Re: UIMA DUCC - Multi-machine Installation

Hi Eddie,
Thanks for your email. I followed the documentation and I was able to run
DUCC jobs using different user instead of user "ducc". But while I was
watching the webserver, I only found one machine running the jobs. In the
tab System>Machines, I can see all the machine statuses are "up". What
should I do to run the jobs on all machines?


Regards,
Tam

On Fri, Oct 31, 2014 at 9:37 PM, Eddie Epstein <ea...@gmail.com> wrote:

> Hi Tam,
>
> In the install documentation,
> http://uima.apache.org/d/uima-ducc-1.0.0/installation.html,
> the section "Multi-User Installation and Verification" describes how to
> configure setuid-root
> for ducc_ling so that DUCC jobs are run as the submitting user instead of
> user "ducc".
>
> The setuid-root ducc_ling should be put on every DUCC node, in the same
> place,
> and ducc.properties updated to point at that location.
>
> Eddie
>
>
> On Fri, Oct 31, 2014 at 3:54 AM, Thanh Tam Nguyen <nt...@gmail.com>
> wrote:
>
> > Hi Eddie,
> > Would you tell me more details how to setup DUCC for multiuser mode?
> FYI, I
> > have successfully setup and ran my UIMA analysis engine on single user
> > mode.
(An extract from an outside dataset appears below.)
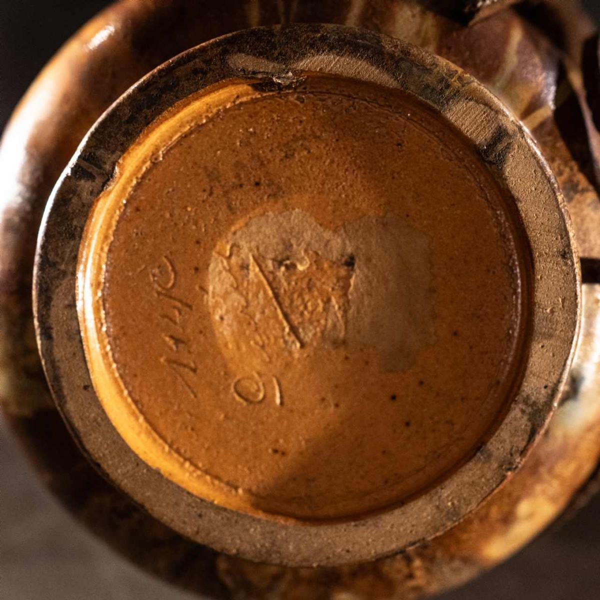 Roger Guérin (1896-1954) was een Belgische keramist ( Bouffioulx ) van grote bekendheid in de 20e eeuw, met name in de Art Deco periode. en een vriend van Edgard Aubry. Hij werd in 1896 in België geboren en toonde een grote belangstelling voor keramiek. Hij schreef zich in aan de Université du Travail in Charleroi, waar hij aardewerk studeerde bij Willem DELSAUX. Hij evolueerde van Art Nouveau naar Art Deco (tussen 1915 en 1945) en creëerde vazen en sculpturen in “GRES SALE GRAND FEU” in één enkele stook (1300°). Hij ontwikkelde zijn talent in de 2 artistieke stijlen van zijn tijd. In 1934 werd hij benoemd tot PROFESSOR aan de Université Supérieure des Arts Décoratifs de la CAMBRE in BRUSSEL. Perfect in zijn creaties, werd hij gecontacteerd voor talrijke artistieke samenwerkingen en produceerde stukken voor gerenommeerde kunstenaars (Belgische en buitenlandse) zoals Marcel Wolfers, Cris Agterberg (Amsterdamse School in Nederland), Thierry Van Rijswijck, Domien Ingels, Cris Lebeau (Amsterdamse School in Nederland), Angelo Hecq... De vazen met smeedijzeren frame zijn het resultaat van een samenwerking met François Carion (verlichting en lampenvoeten voor de kristalfabriek Muller Frères Lunéville).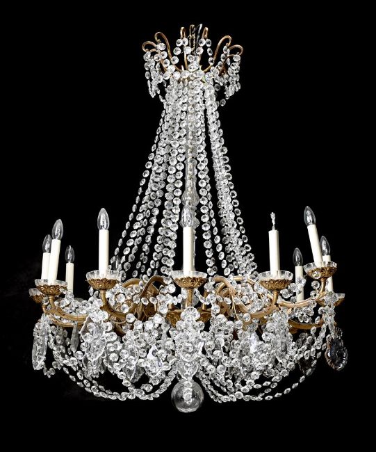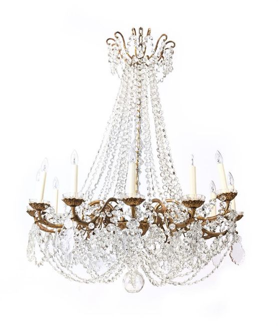 A FRENCH GILT METAL FRAMED TWELVE LIGHT CHANDELIER LATE 19TH CENTURY The whole with chains of cut or moulded glass beads 141cm high Condition Report: This lot is sold as a decorative object only - this object has been wired but must be tested and installed by an electrician prior to use. From the finishing to the ends of some of the arms and general finish, it is possible that this may date from the early 20th century. The floral drip pans of a thinner quality and slightly different colour suggests that they may be associated, possibly when the chandelier was rewired in the last 20-30 years. At this point it seems the larger drops were hung the wrong way around. Condition Report Disclaimer

I also followed DUCCBOOK to setup ducc_ling but I am sure how to
> get
> > it worked on a cluster of machines.
> >
> > Thanks,
> > Tam
> >
> > On Thu, Oct 30, 2014 at 11:08 PM, Eddie Epstein <ea...@gmail.com>
> > wrote:
> >
> > > The $DUCC_RUNTIME tree needs to be on a shared filesystem accessible
> from
> > > all machines.
> > > For single user mode ducc_ling could be referenced from there as well.
> > > But for multiuser setup, ducc_ling needs setuid and should be installed
> > on
> > > the root drive.
> > >
> > > Eddie
> > >
> > > On Thu, Oct 30, 2014 at 10:08 AM, James Baker <james.d.baker@gmail.com
> >
> > > wrote:
> > >
> > > > I've been working through the installation of UIMA DUCC, and have
> > > > successfully got it set up and running on a single machine. I'd now
> > like
> > > to
> > > > move to running it on a cluster of machines, but it isn't clear to me
> > > from
> > > > the installation guide as to whether I need to install DUCC on each
> > node,
> > > > or whether ducc_ling is the only thing that needs installing on the
> > > > non-head nodes.
> > > >
> > > > Could anyone shed some light on the process please?
> > > >
> > > > Thanks,
> > > > James
> > > >
> > >
> >
>

Re: UIMA DUCC - Multi-machine Installation

Posted by Lou DeGenaro <lo...@gmail.com>.
1. What is your process_thread_count for the job (found in the job
specification, and specifiable on submit command)?
2. What is your ducc.rm.share.quantum (specified in ducc.properties).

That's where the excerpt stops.